- Required action
Look through the entries below for the line with "LEFT: Audience members" and the line with "Local citizens and", then give again exactly those two lines and all lines between them, minus the pictures.

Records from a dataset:
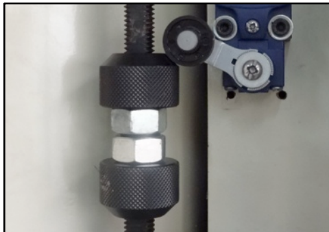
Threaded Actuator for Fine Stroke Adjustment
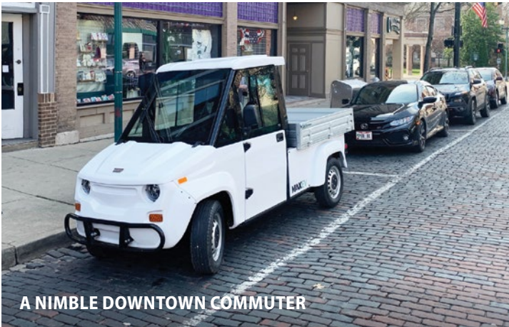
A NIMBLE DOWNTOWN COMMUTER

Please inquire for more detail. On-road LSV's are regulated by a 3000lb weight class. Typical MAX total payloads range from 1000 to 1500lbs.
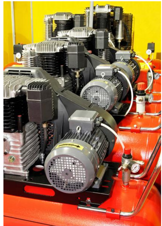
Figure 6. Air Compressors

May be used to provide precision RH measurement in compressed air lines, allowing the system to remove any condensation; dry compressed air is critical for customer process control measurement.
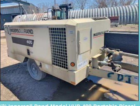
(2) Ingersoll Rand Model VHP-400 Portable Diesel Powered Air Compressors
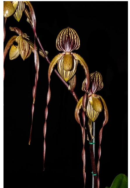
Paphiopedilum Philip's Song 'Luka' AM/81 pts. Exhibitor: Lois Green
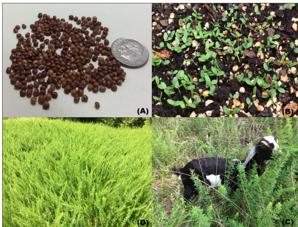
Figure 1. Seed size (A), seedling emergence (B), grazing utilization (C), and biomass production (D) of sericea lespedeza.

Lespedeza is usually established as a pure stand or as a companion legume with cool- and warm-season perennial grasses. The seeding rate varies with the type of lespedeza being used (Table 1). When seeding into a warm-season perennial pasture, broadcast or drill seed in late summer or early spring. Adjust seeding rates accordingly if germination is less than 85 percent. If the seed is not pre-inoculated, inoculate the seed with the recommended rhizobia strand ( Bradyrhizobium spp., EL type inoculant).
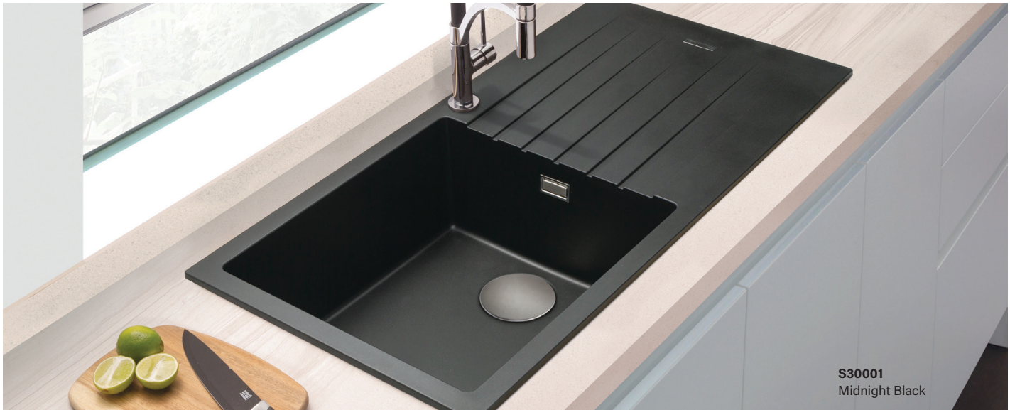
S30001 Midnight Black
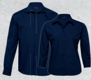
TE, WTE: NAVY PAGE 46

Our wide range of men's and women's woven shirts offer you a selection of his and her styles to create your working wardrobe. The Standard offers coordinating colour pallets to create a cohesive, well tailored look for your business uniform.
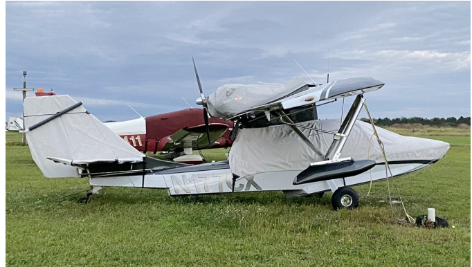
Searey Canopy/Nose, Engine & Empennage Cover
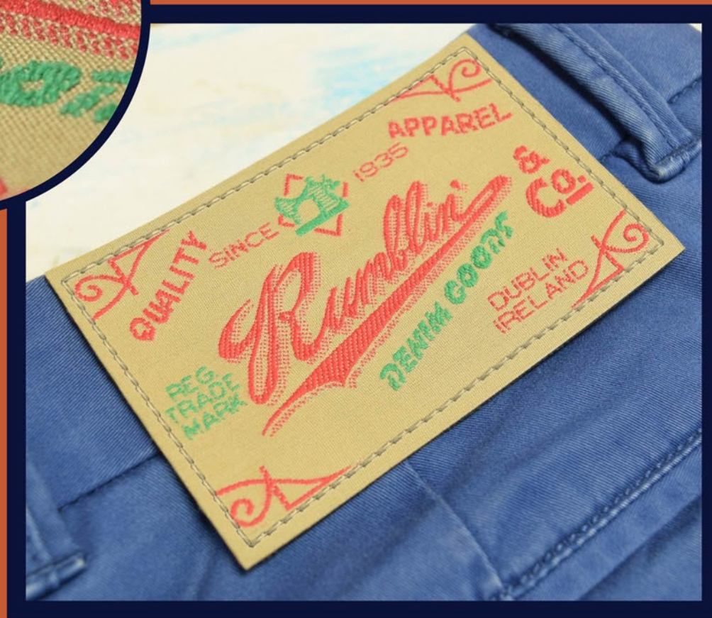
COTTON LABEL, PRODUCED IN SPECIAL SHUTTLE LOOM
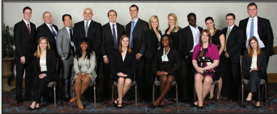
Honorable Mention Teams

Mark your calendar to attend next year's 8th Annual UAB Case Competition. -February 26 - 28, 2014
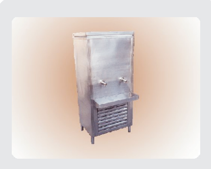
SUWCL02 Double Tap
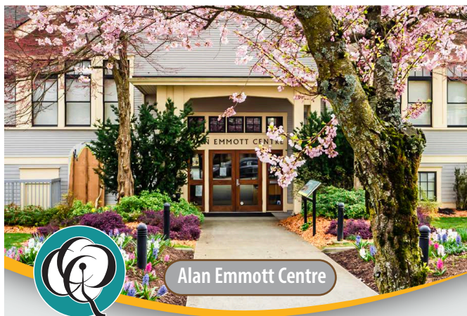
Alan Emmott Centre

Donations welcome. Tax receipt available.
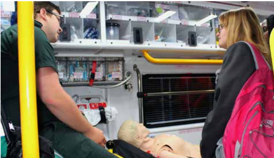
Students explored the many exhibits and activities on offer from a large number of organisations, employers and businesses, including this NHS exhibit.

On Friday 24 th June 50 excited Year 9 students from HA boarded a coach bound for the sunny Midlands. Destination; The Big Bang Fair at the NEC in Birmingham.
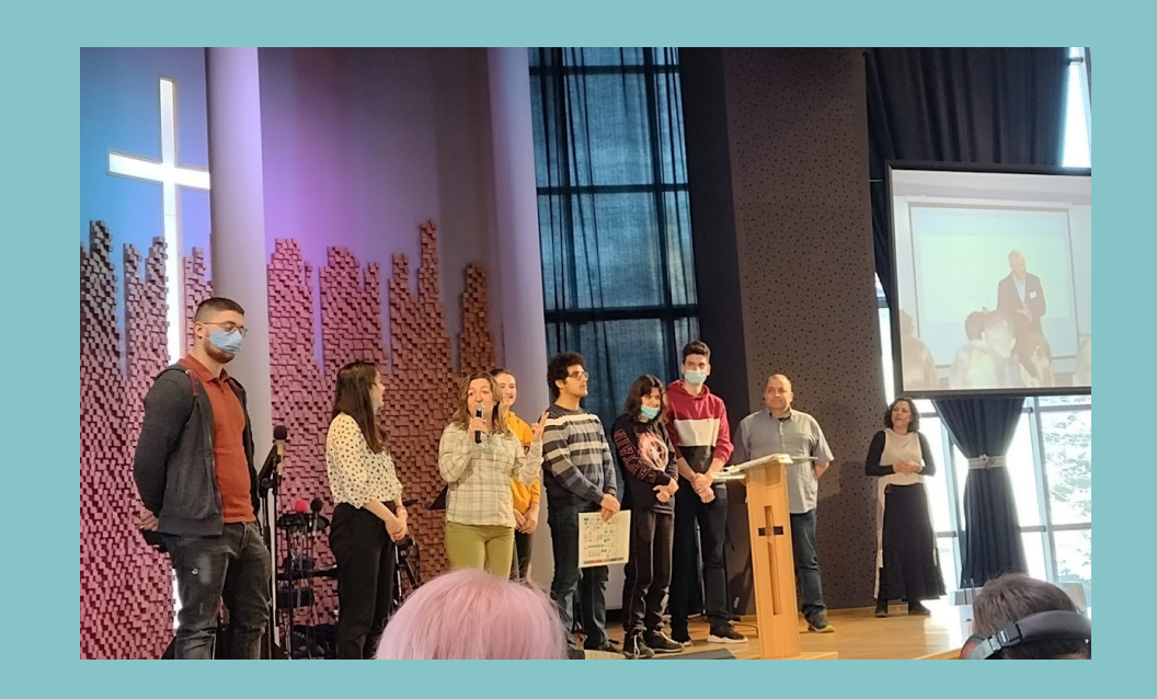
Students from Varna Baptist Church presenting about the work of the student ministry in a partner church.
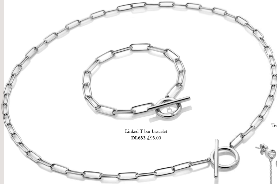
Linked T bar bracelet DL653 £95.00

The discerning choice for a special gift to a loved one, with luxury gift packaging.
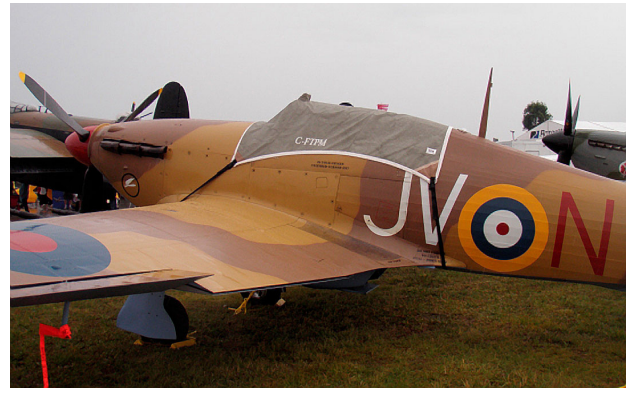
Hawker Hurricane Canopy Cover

--

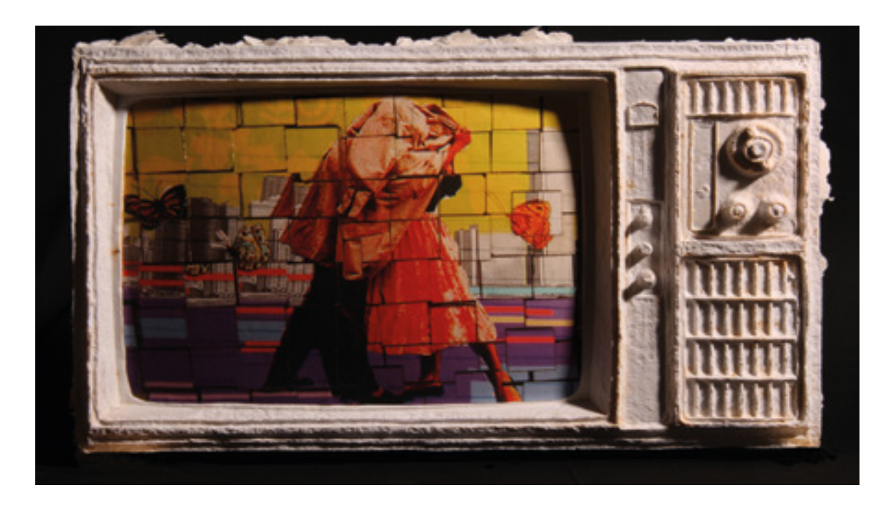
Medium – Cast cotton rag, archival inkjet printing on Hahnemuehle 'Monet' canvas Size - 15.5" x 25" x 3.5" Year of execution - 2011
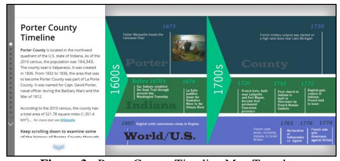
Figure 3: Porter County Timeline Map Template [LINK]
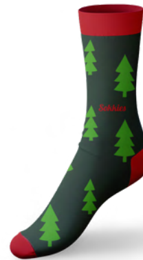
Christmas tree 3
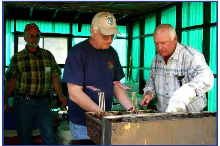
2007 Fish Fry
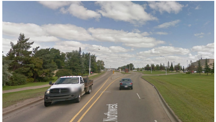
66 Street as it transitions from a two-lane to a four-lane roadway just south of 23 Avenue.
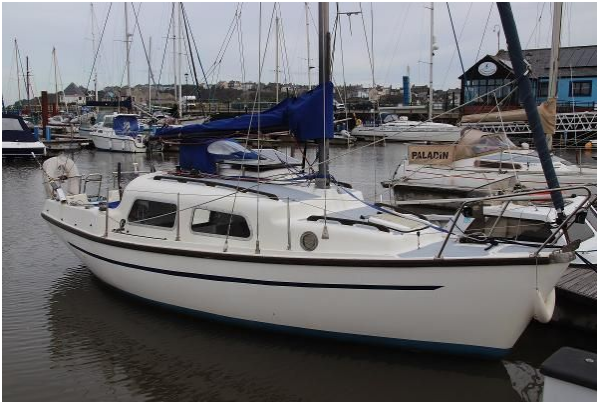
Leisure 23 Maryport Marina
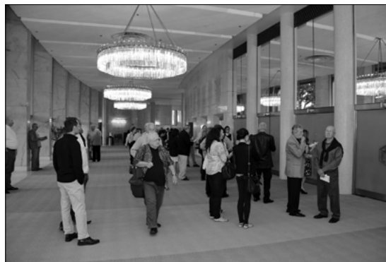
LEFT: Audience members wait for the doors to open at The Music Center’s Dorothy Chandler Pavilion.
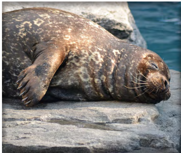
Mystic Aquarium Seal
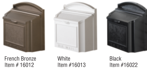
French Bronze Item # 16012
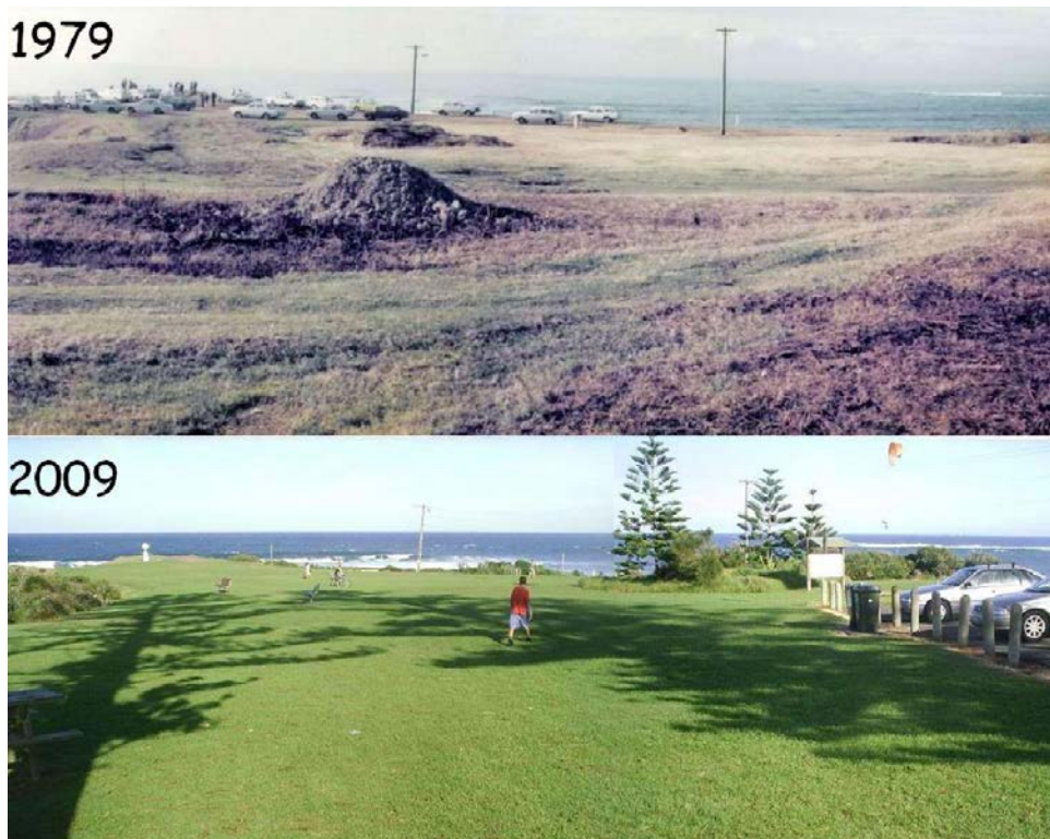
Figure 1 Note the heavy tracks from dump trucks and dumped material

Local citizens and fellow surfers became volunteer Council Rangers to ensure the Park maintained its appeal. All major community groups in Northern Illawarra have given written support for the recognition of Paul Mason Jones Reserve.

- Written response
LEFT: Audience members wait for the doors to open at The Music Center’s Dorothy Chandler Pavilion.
Mystic Aquarium Seal
French Bronze Item # 16012
Figure 1 Note the heavy tracks from dump trucks and dumped material

Local citizens and fellow surfers became volunteer Council Rangers to ensure the Park maintained its appeal. All major community groups in Northern Illawarra have given written support for the recognition of Paul Mason Jones Reserve.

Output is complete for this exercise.